Since this class needs to work seamlessly in production whether it’s a book or an article, the PubmedArticle attributes will always be available (set to None in many cases for PubmedBookArticle, e.g. volume, issue, journal), but PubmedBookArticle attributes will only be set when pubmed_type=’book’.
- PubMedBook special handling of certain attributes:
abstract: a joined string from self.book_abstracts
title: comes from ArticleTitle
- Special attributes for PubmedBookArticle (pubmed_type=’book’):
book_id (default: None) - string from IdType=”bookaccession”, e.g. “NBK1403”
book_title (default: None) - string with name of book (as differentiated from ArticleTitle)
book_publisher (default: None) - dict containing {‘name’: string, ‘location’: string}
book_sections (default: []) - dict with key->value pairs as section_name->SectionTitle
book_contribution_date (default: None) - python datetime date
book_date_revised (default: None) - python datetime date
book_history (default: []) - dictionary with key->value pairs as PubStatus -> python datetime
book_language (default: None) - string (e.g. “eng”)
book_editors (default: []) - list containing names from ‘editors’ AuthorList
book_abstracts (default: []) - dict with key->value pairs as Label->AbstractText.text)
book_medium (default: None) - string (e.g. “Internet”)
book_synonyms (default: None) - list of disease synonyms (applicable to “gene” book)
book_publication_status (default: None) - string (e.g. “ppublish”)
- __init__(xmlstr, *args, **kwargs)[source]
Initialize PubMedArticle from NCBI XML data.
- Parameters:
xmlstr (str) – XML string from NCBI containing PubmedArticle or PubmedBookArticle data.
*args – Additional positional arguments passed to parent class.
**kwargs – Additional keyword arguments passed to parent class.
Note
The XML type is automatically detected to handle both regular articles and book chapters. The pubmed_type attribute will be set to ‘article’ or ‘book’ accordingly, and appropriate attributes will be populated.
- to_dict()[source]
Convert PubMedArticle to dictionary representation.
- Returns:
- Dictionary containing all article attributes except
internal XML content and processing attributes.
- Return type:
Dict[str, Any]
Note
Excludes ‘content’, ‘xml’, and ‘_root’ attributes from the output to provide a clean data representation suitable for serialization.
- property citation
Returns a formatted citation string built from this article’s author(s), title, journal, year, volume, pages, and doi.
Article Example:
McNally EM, et al. Genetic mutations and mechanisms in dilated cardiomyopathy. Journal of Clinical Investigation. 2013; 123:19-26. doi: 10.1172/JCI62862.

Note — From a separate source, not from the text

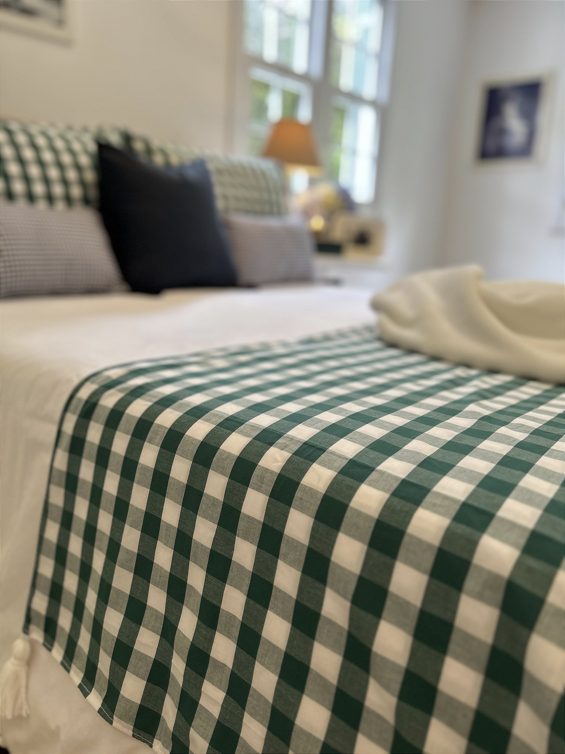Peseira xadrez (grande) cheia de charme e que dá um toque final na cama posta, em tecido leve 100% algodão com tassel nas pontas.

Book Example (GeneReviews):
Tranebjarg L, et al. Jervell and Lange-Nielsen syndrome. 2002 Jul 29 (Updated 2014 Nov 20). In: Pagon RA, et al., editors. GeneReviews (Internet). Seattle (WA): University of Washington, Seattle; 1993-2015. Available from: https://www.ncbi.nlm.nih.gov/books/NBK1405/.
- property citation_html
Returns a formatted citation string built from this article’s author(s), title, journal, year, volume, and pages.
Article Example:
McNally EM, <i>et al</i>. Genetic mutations and mechanisms in dilated cardiomyopathy. <i>Journal of Clinical Investigation</i>. 2013; <b>123</b>:19-26. doi: 10.1172/JCI62862.

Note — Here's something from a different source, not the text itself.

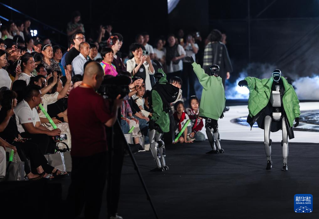 5月7日,在古镇音乐时装秀现场,人形机器人与观众互动。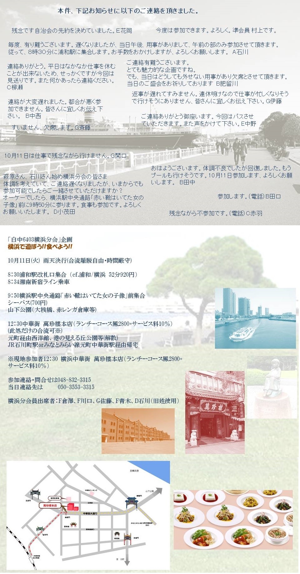 昨日は楽しいイベントありがとうございました。 私は、午前中山下公園でオカリナの演奏をしていました。 童謡唱歌演歌フォークソングその他聞いてくれる人に合わせて一時間位。 それから、中華街のお店で皆さんと合流です。オカリナ奏者:村上でした。

GeneReviews Example: Tranebjarg L, <i>et al</i>. <i>Jervell and Lange-Nielsen syndrome</i>. 2002 Jul 29 (Updated 2014 Nov 20). In: Pagon RA, <i>et al</i>., editors. GeneReviews (Internet). Seattle (WA): University of Washington, Seattle; 1993-2015. Available from: https://www.ncbi.nlm.nih.gov/books/NBK1405/.

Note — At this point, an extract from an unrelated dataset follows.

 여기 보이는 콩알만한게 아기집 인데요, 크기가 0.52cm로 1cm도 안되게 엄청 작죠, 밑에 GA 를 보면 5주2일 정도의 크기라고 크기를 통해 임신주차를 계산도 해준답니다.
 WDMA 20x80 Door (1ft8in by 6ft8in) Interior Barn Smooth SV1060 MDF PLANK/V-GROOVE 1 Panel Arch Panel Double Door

- property citation_bibtex
- property pubdate
Normalized publication date as datetime object.
Returns the best available publication date from PubMed XML in order of preference: 1. Article PubDate (Year/Month/Day or MedlineDate) 2. Book contribution date 3. History dates (pubmed, entrez, etc.)
- Returns:
Publication date as datetime object, or None if no date found
- Return type:
datetime or None
Example
article = fetch.article_by_pmid(‘12345’) if article.pubdate:
print(f”Published: {article.pubdate.strftime(‘%Y-%m-%d’)}”)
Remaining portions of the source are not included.